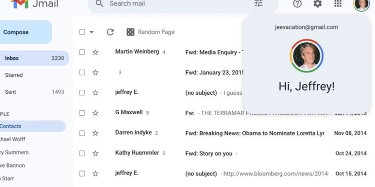 O Jmail é essencialmente uma interface que clona o Gmail, que funciona como se você estivesse visualizando os e-mails de Epstein por meio de sua conta jeevacation@gmail, diretamente da caixa de entrada real.
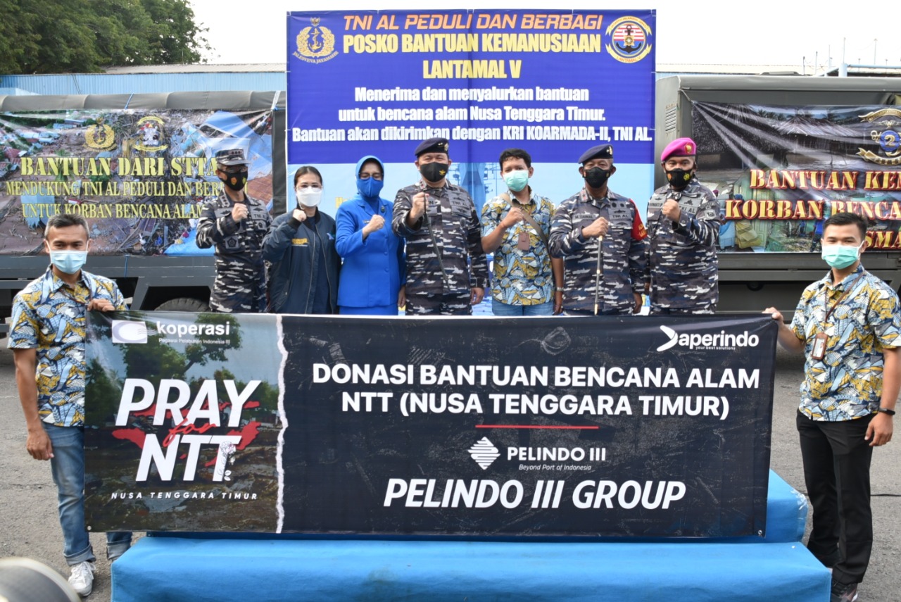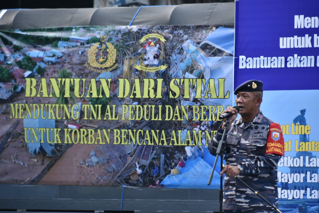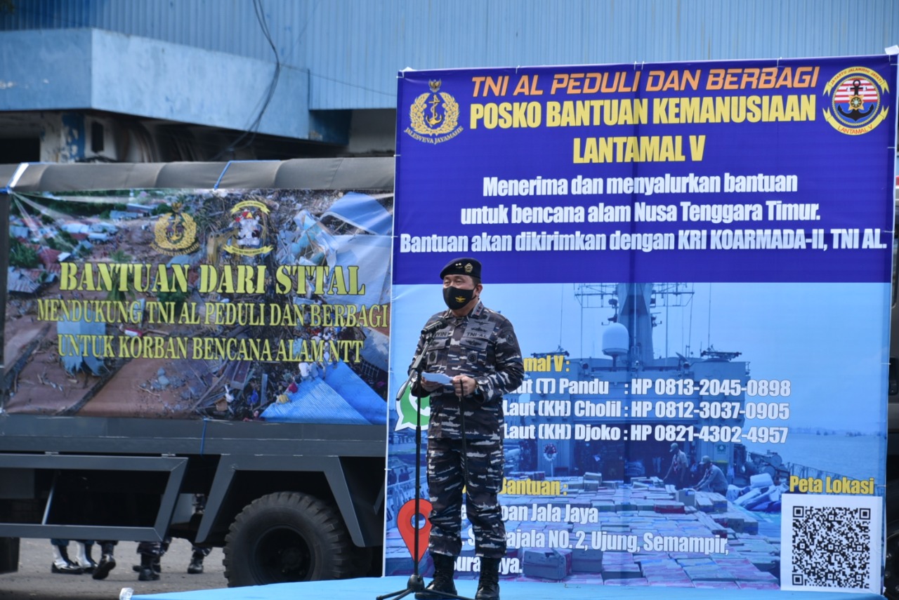 Komandan Sekolah Tinggi Teknologi Angkatan Laut (STTAL) Laksamana Pertama TNI Dr. Ir. Avando Bastari, M.Phil., di wakili Wadan STTAL Kolonel Laut (E) Maulana, S T., M.Si., dengan di dampingi Ka. LPPM STTAL bersama Pangkotama TNI AL wilayah Surabaya menyerahkan secara simbolis bantuan bencana alam NTT kepada penyelenggara Posko Bantuan Kemanusiaan Lantamal V yakni kepada Komandan Lantamal V Laksamana Pertama TNI Muhammad Zaenal, yang direncanakan besok akan diserahkan Komandan Lantamal V kepada Koarmada II yang
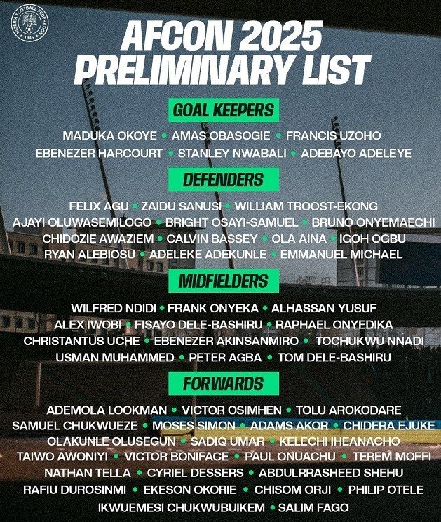 Afrika Kupası'nda mücadele edecek Nijerya A Milli Takımı'nın geniş kadrosu açıklandı.

__Exercise requirements__: Extract, word for word, every line from the one containing "Komandan Sekolah Tinggi" to the end of the data above, both ends included, and leave out the pictures.

__Answer to this problem__:
 Komandan Sekolah Tinggi Teknologi Angkatan Laut (STTAL) Laksamana Pertama TNI Dr. Ir. Avando Bastari, M.Phil., di wakili Wadan STTAL Kolonel Laut (E) Maulana, S T., M.Si., dengan di dampingi Ka. LPPM STTAL bersama Pangkotama TNI AL wilayah Surabaya menyerahkan secara simbolis bantuan bencana alam NTT kepada penyelenggara Posko Bantuan Kemanusiaan Lantamal V yakni kepada Komandan Lantamal V Laksamana Pertama TNI Muhammad Zaenal, yang direncanakan besok akan diserahkan Komandan Lantamal V kepada Koarmada II yang
 Afrika Kupası'nda mücadele edecek Nijerya A Milli Takımı'nın geniş kadrosu açıklandı.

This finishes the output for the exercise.